After joining the faculty of the UNC School of Law in 1990, Boger participated in North Carolina’s school finance reform litigation, Leandro v. State, working with a team of lawyers on behalf of at-risk children. In 2002, he became deputy director of the UNC Center for Civil Rights, working with Director Julius L. Chambers ’62 to encourage innovative civil rights research, train a new generation of civil rights attorneys and address pressing civil rights issues in North Carolina and the Southeast.

A native of Concord, Boger was a Phi Beta Kappa graduate of Duke University in 1968 and earned a master of divinity degree from Yale University in 1971. Three years later, he received his law degree from UNC, where he was associate editor of the North Carolina Law Review and earned Order of the Coif honors.

After completing law school, he clerked with the late Samuel Silverman, a justice with the New York Supreme Court Appellate Division, and practiced for three years in the litigation department of Paul, Weiss, Rifkind, Wharton & Garrison in New York.

In 1978, Boger joined the staff of the National Association for the Advancement of Colored People’s Legal Defense and Educational Fund, where he litigated capital punishment cases for a decade, becoming in 1983 the director of the fund’s Capital Punishment Project. In 1987, he became director of a poverty and justice program established at the fund to enlarge the legal rights of the minority poor.

While at the NAACP’s fund, Boger became lead counsel in the early stages of Sheff v. O’Neil, a major challenge to the racial and economic isolation of the Hartford, Conn., public schools that went forward as a close collaboration among the Puerto Rican Legal Defense Fund, the NAACP Legal Defense Fund, the American Civil Liberties Union, the Connecticut Civil Liberties Union and numerous black and Latino parents and community groups throughout the city and in Connecticut.

Boger chairs the Poverty and Race Research Action Council, a Washington, D.C.-based federation of civil rights, civil liberties and legal services groups that encourages national coordination of social scientific research and legal advocacy on behalf of the poor.

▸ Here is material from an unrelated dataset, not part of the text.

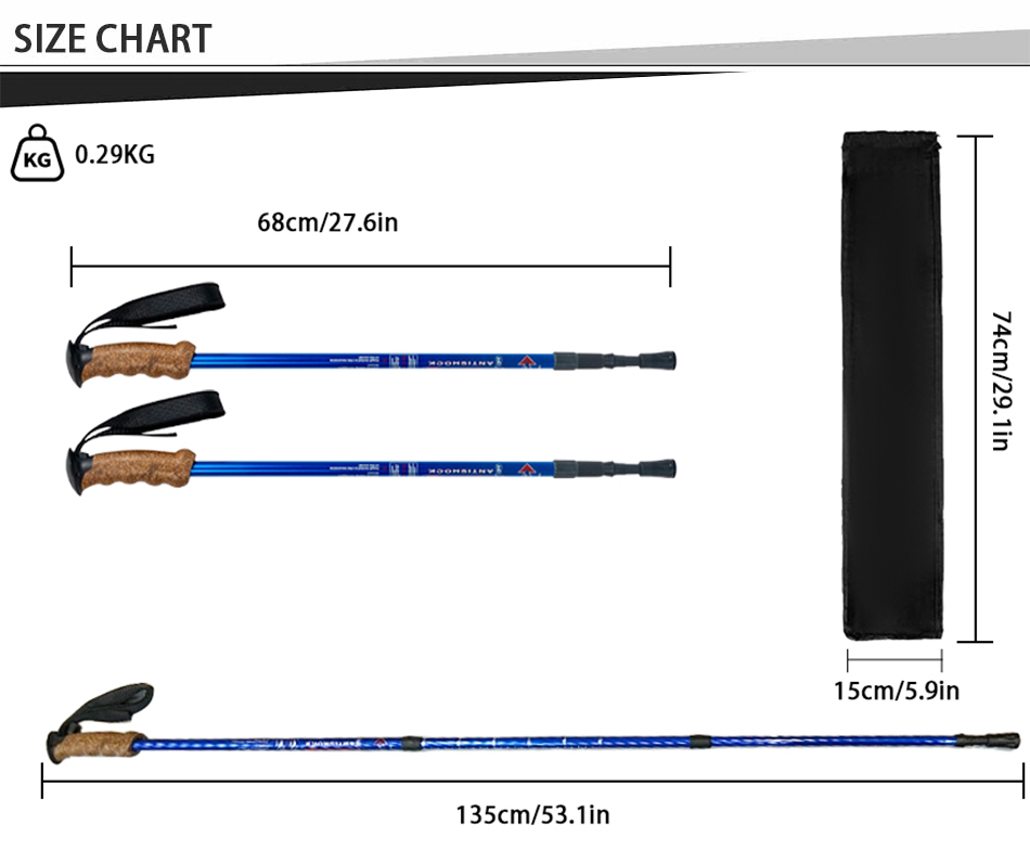 [Компактный и удобный для путешествий] Трекинговые палки можно легко хранить в багаже, рюкзаках и спортивных сумках. Эта треккинговая палка также поставляется с удобным для хранения резиновым защитным наконечником, соединителем для палки и корзиной для грязи. [Новая улучшенная модель! Палки Race-Trekking оснащены мягкими ремнями для максимального комфорта и эргономичного захвата. Не нужно беспокоиться о том, что треккинговая палка снова упадет.

Boger has taught and lectured on education law since 1994 and has written frequently on school finance and school desegregation issues. He has co-edited two books, School Resegregation: Must the South Turn Back? in 2005 and Race, Poverty, and American Cities, with UNC Professor Judith Wegner, in 1996. Both were published by the UNC Press. His other writings have appeared in various legal and public policy publications and as book chapters. He has twice been awarded the law school’s highest teaching award and also has received a campuswide teaching award for post-baccalaureate instruction.

Boger has taught as a lecturer or adjunct professor at Harvard, New York Law School and Florida State University. At UNC, he teaches constitutional law, education law, racial discrimination and poverty law.